Они покорно вытянулись, неторопливо зашелестели тетрадями.
«А капсула где?»
С капсулой, конечно, вышел промах. Он всячески старался не выдавать своей растерянности, но они уловили её, волчата, уловили и вылавировали своими глумливыми взглядами к трёхлитровой банке, стоящей на его столе. И вопросительно перевели глаза на него, а он стоял как оплёванный. По классу прошёл довольный стон. Буркнул один, прыснул второй, и одна из Каштанок широко раскрыла глаза, наполненные таким воодушевлением, будто она на конкурсе красоты победила.
«Банка?»
«Это… это и есть наша капсула?»
Класс заржал, зарумянился, захрюкал — банка на столе и правда выглядела жутким издевательством над славной идеей капсулы: недомытая, дородная, мутная, и какая-то мещанская гордость ощущалась в её крикливой круглости.

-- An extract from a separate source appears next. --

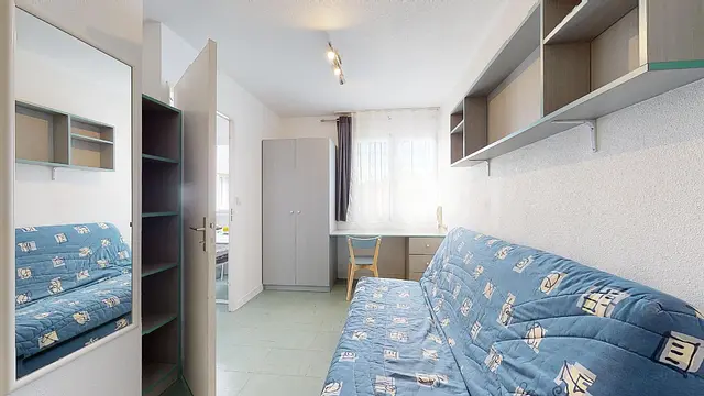 Le logement se compose de deux parties identiques. Chaque locataire dispose d'une entrée et d'une partie privative. Chaque espace privatif dispose d'un canapé convertible, d'un espace bureau et d'une salle de bain indépendante munie de son meuble vasque, son toilette et sa douche.
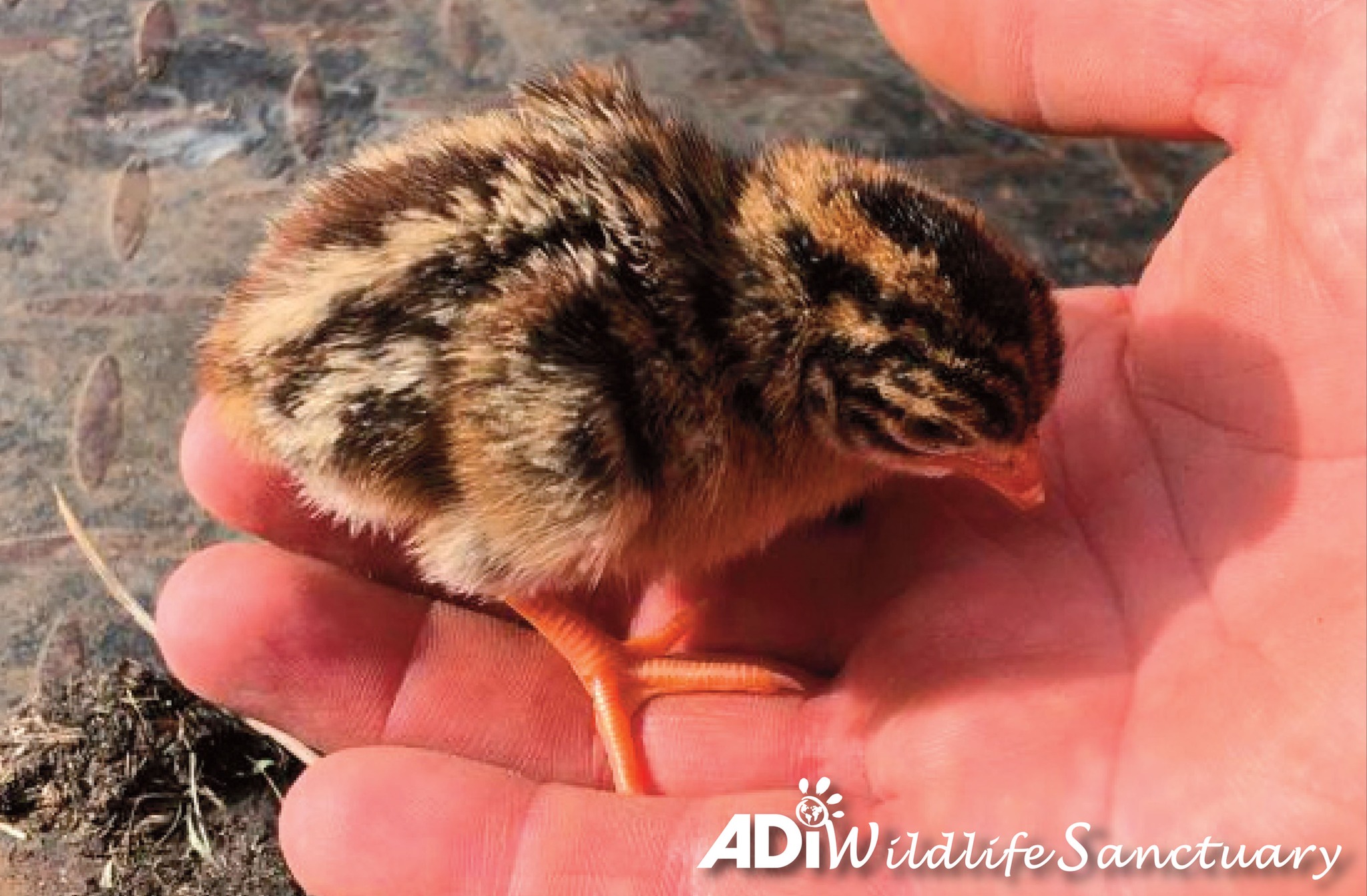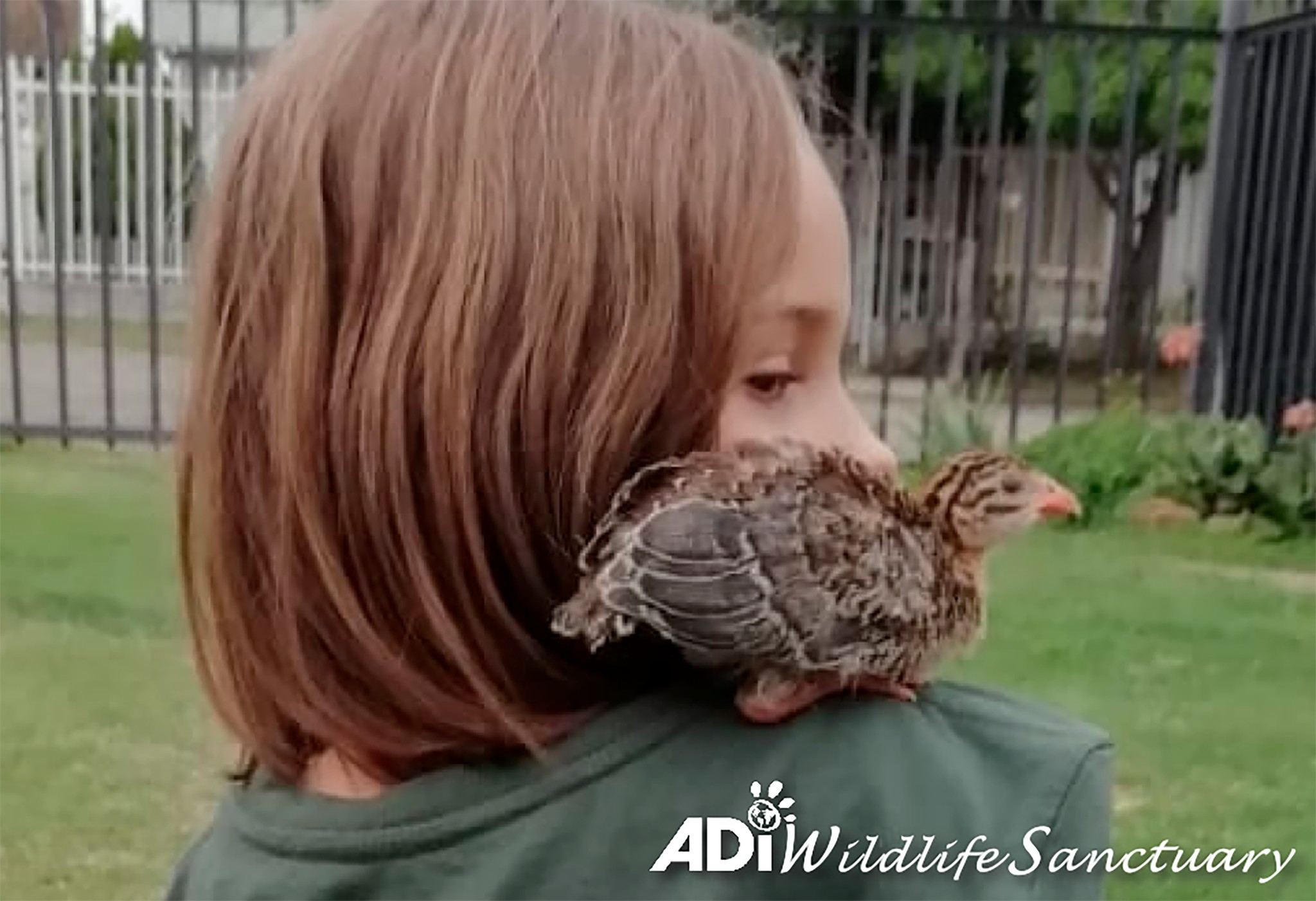 Meet Adie, a guinea fowl chick who was hand reared at the ADI Wildlife Sanctuary, after being found separated from her wild family and close to death. ADI Maintenance Specialist Kidro, with his daughter Kiara, hand reared the little chick and released her as quickly as possible, close to the other guinea fowl groups on the Sanctuary. Adie had other ideas – she has become an established member of our group of “misfits” – Tulip Turkey, Gertie Guinea Fowl (both already on the land when we purchased it), and another wild guinea fowl who joined them. Adie is growing fast and likes to visit the other guinea fowl groups, then return to the misfits – all are regular visitors around Chris Lee Lodge (our future volunteer house).

«Трёхлитровик времени…» — сказал кто-то.
«Может, лучше на пиво, Олег Иванович?»
«Скинемся вам на банку и домой?»
Виноват во всём был учитель труда, который ещё месяц назад обещал сделать в школьной мастерской красивый и аккуратный футляр из стали. Ещё и надпись выгравировать клялся, падла. Но вчера он снова встретил трудовика возле магазина «Изумруд» — оказалось, что тот и не собирался выходить из очередного запоя. Его вообще трезвым никогда не видели — у каждого свой креативный подход к работе. Трудовик как раз взял новую порцию чернил и был в хорошем настроении.
«Иваныч, да я тебе такую капсулу сделаю — в космос отправить можно! — полез он обниматься. — Я же в секретной лаборатории работал, ты же в курсе… Завтра будет готово! Иваныч, ты меня знаешь! Не подведу!»
И так каждый раз. Надоело уже напоминать — он не из тех, кто умеет просить дважды. Да пан Директор по-прежнему цеплялся: конкурс креативности среди учителей в самом разгаре, а идея его так и оставалась идеей. Как ни встретит его, всё спрашивает: готова капсула или нет? И что его заставило месяц назад ляпнуть про этот свой оригинальный замысел? Промолчал бы, провёл викторину, раздал бы детям просроченные витамины отечественной поэзии — и забыл. А так попал в ловушку собственной гениальной идеи. На него начали смотреть с уважением и ещё большей завистью, пан Директор считал, что победа на конкурсе у них в кармане, и здоровался с ним, как с равным. Надо было что-то делать.
Фамилия директора была Барсук, имел он и отчество, этот неотъемлемый атрибут учительской власти, но почему-то любил, когда его называли паном. Может, потому и любил, что сам был историк. Историк с кашей в голове и неразборчивой любовью к иноземным словам: инновация в его устах звучала ватной подкладкой, а симулякры превращались в симулярки. Пан Директор был одержим креативностью: мое кредо — креационизм, гордо каркал он, и от вас я жду прежде всего креационизма. «Забудьте всё, чему вас учили, на одном стаже у меня никто не выедет!» Уныло сидя на стожках своего стажа, учителя всё же как-то выезжали — и никто не упал с воза. Прилипчивый, но невнимательный был пан Директор — с такими можно сосуществовать, главное — навык.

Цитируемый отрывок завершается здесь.